For context, my(32M) girlfriend(29F) hasn’t really had long-term partners before me. Most of her past experiences are one-night stands or short flings, while I’ve had a few committed relationships with longer-term sexual dynamics.
I’m struggling to understand her approach to sex. She doesn’t place much emphasis on orgasms—either during sex or even when she masturbates. She says what she enjoys about sex is the intimacy and physical closeness but says orgasms just don’t feel that great for her. She does like clitoral stimulation when I do it, but she’s hesitant about letting me go down on her, even though I’ve explained that I genuinely love it.
For me, orgasms have always been an important part of sex, both for me and my previous partners. Part of me feels like she just hasn’t experienced how good it can be with a partner, and I want to “show” her that. At the same time, I’m worried that I might be pushing too much in trying to get her to focus on something that just isn’t a priority for her. She enjoys PIV, which is mostly only what we do.

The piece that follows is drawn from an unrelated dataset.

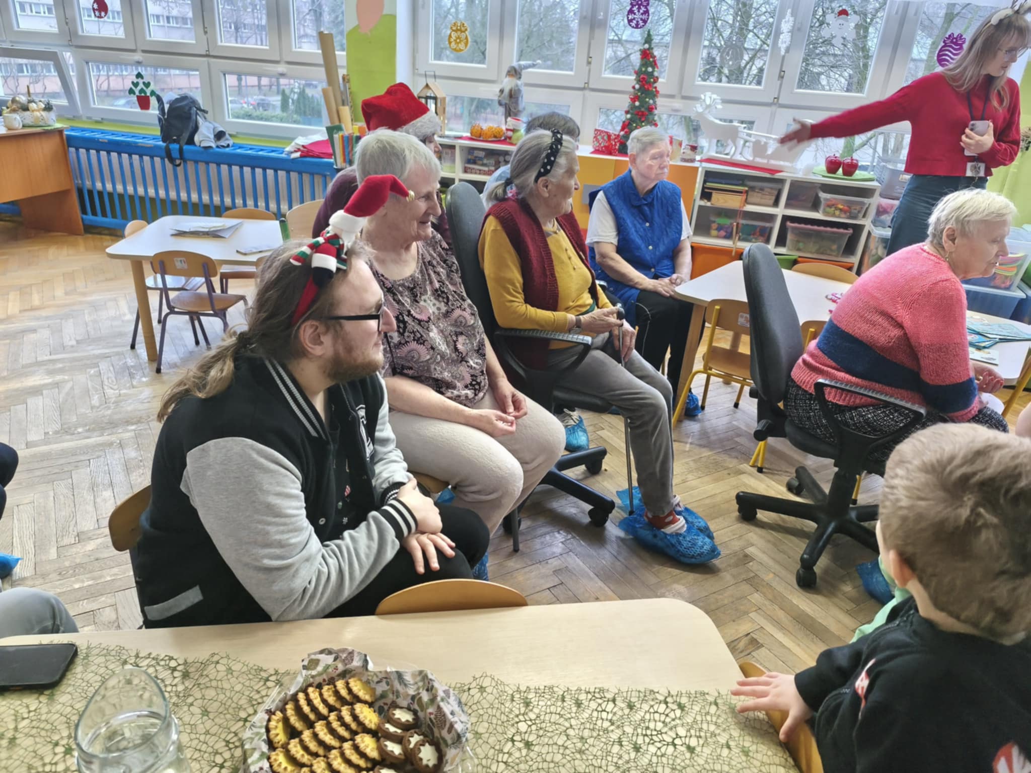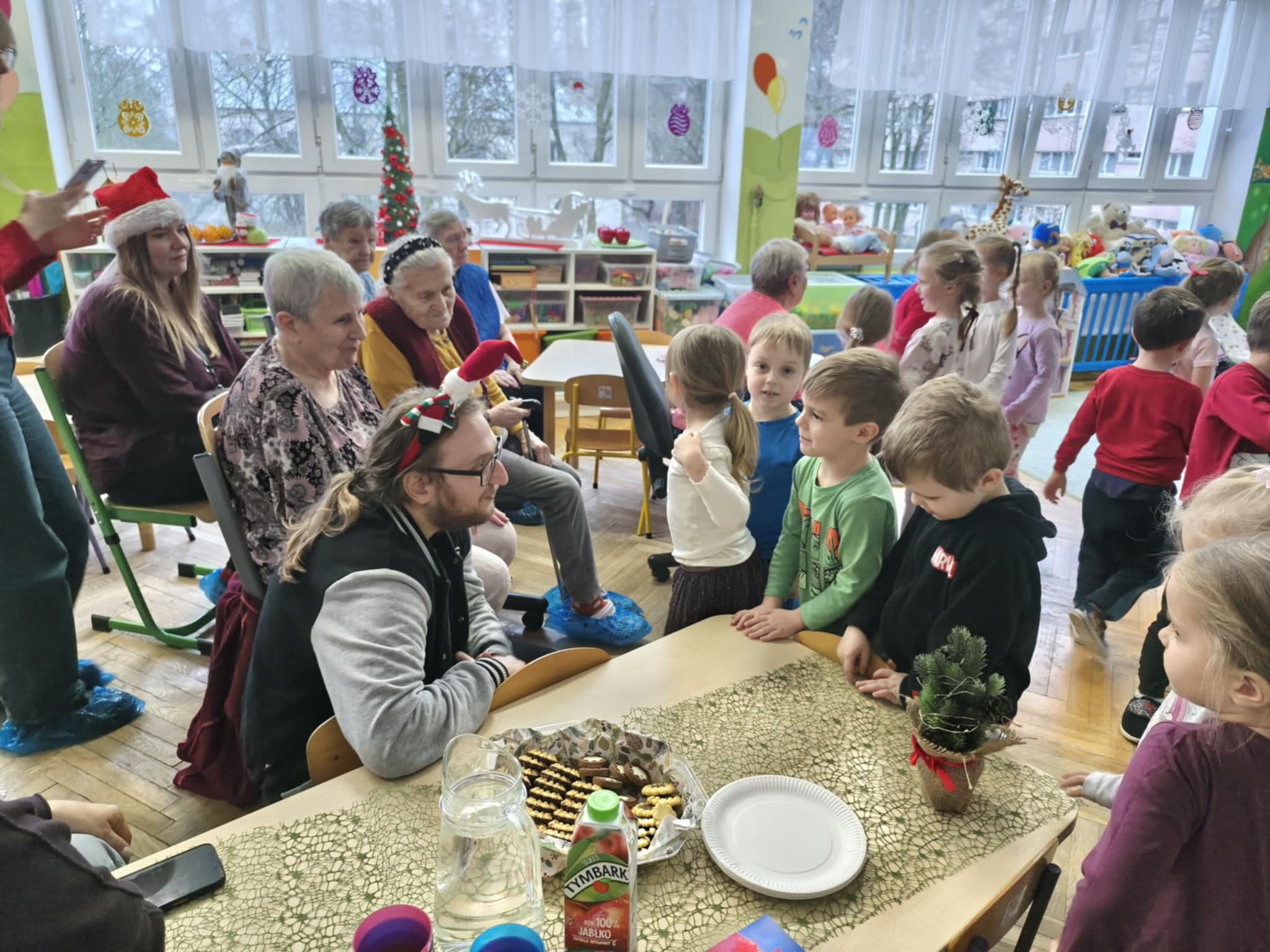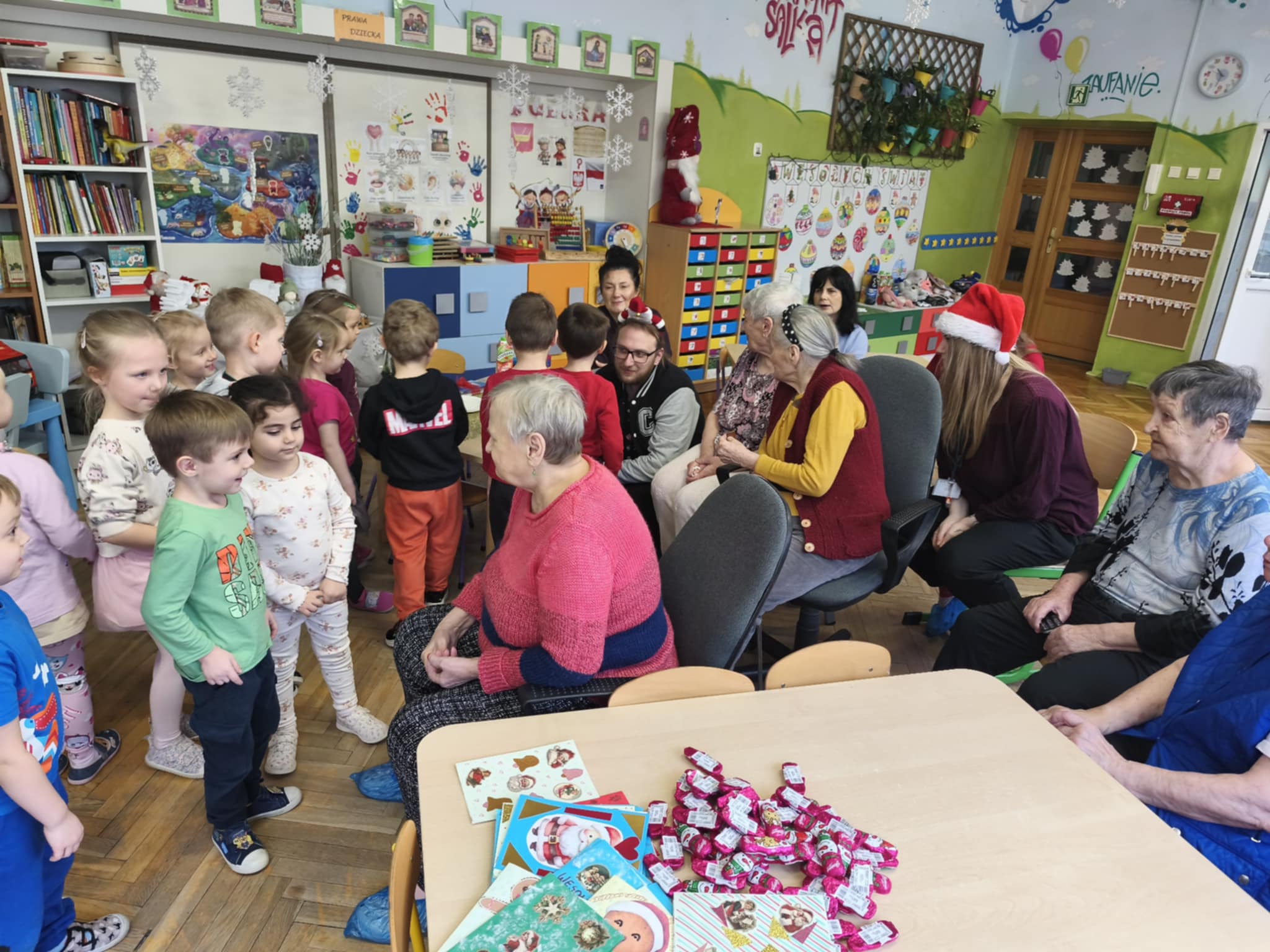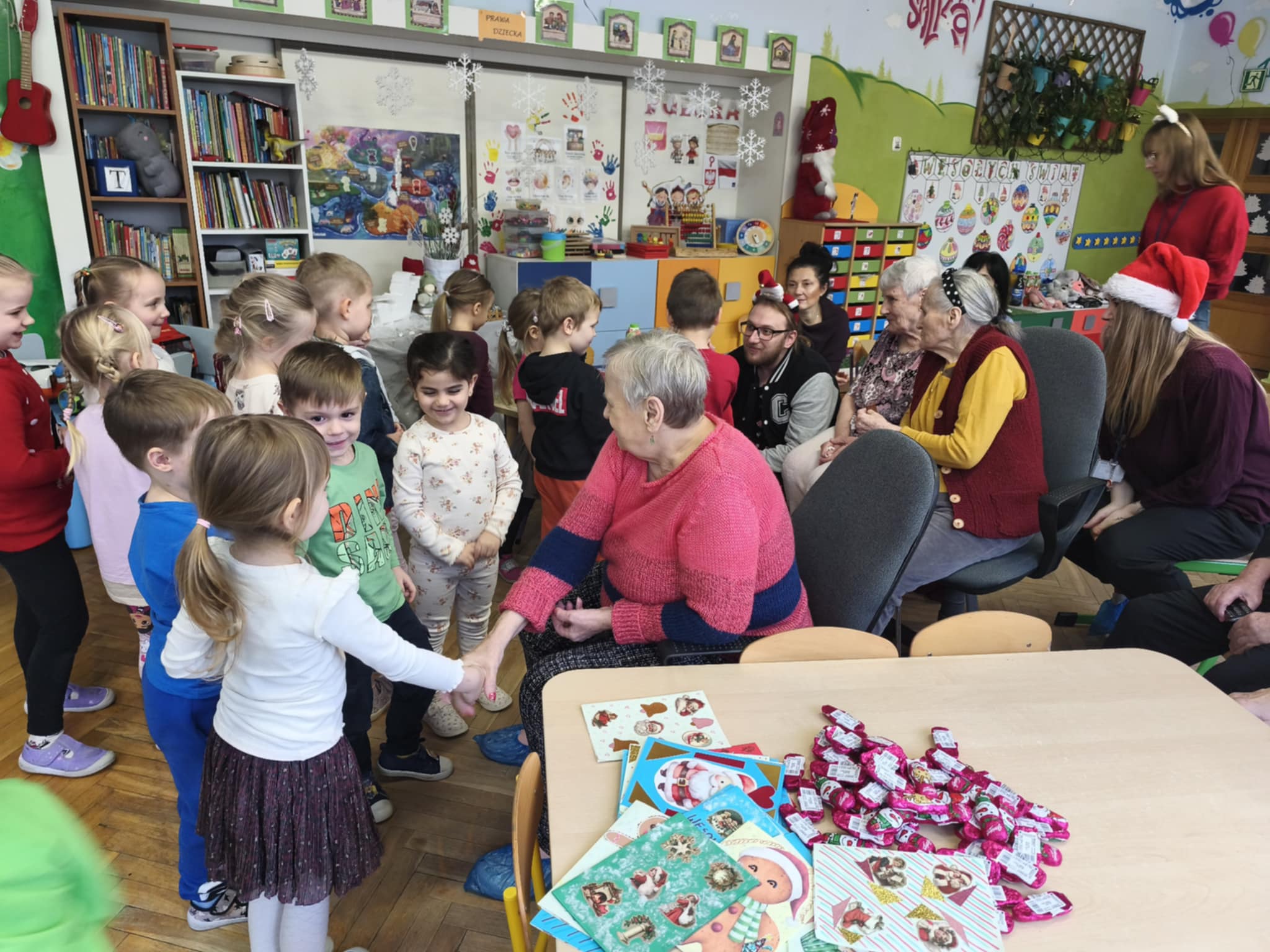 Bycie gospodarzami to bardzo odpowiedzialna funkcja. Taką rolę właśnie dzisiaj pełniliśmy. Pomimo zimna, ze swoimi opiekunami i terapeutami dotarli do nas uśmiechnięci i nie mniej niż my przejęci Podopieczni FelMedu. Przyszli i przyjechali na wózkach, aby podarować nam własnoręcznie wykonane kartki świąteczne z pięknymi życzeniami. Dostaliśmy też czekoladowe bałwanki. My zaprosiliśmy na spotkanie z piosenką i tańcem świątecznym oraz słodki poczęstunek. Są to bardzo miłe i wzruszające chwile. Dla nas piękna lekcja empatii.
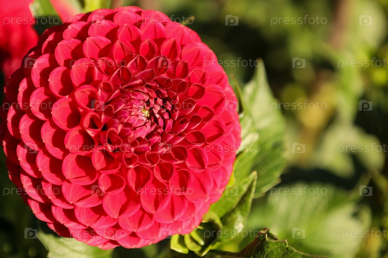Крупный план красной помпонной георгины

She’s somewhat eager to have sex in general, and she’s a little open to trying new things, but I’m not sure what my mindset should be here. Should I keep focusing on helping her achieve orgasms, or should I shift my perspective and meet her where she’s at—seeing sex more as intimacy without the emphasis on climax? For example, without orgasms, I struggle to know how long to play with her clit- she likes it, but there's no clear goal or stopping point.
I’d really appreciate insight from people who have been in similar situations, or advice on how to navigate this difference in sexual expectations. We've been talking about it but I think her overall lack of experience is hampering her ability to know what to ask for or expect, so was hoping to get some extra viewpoints.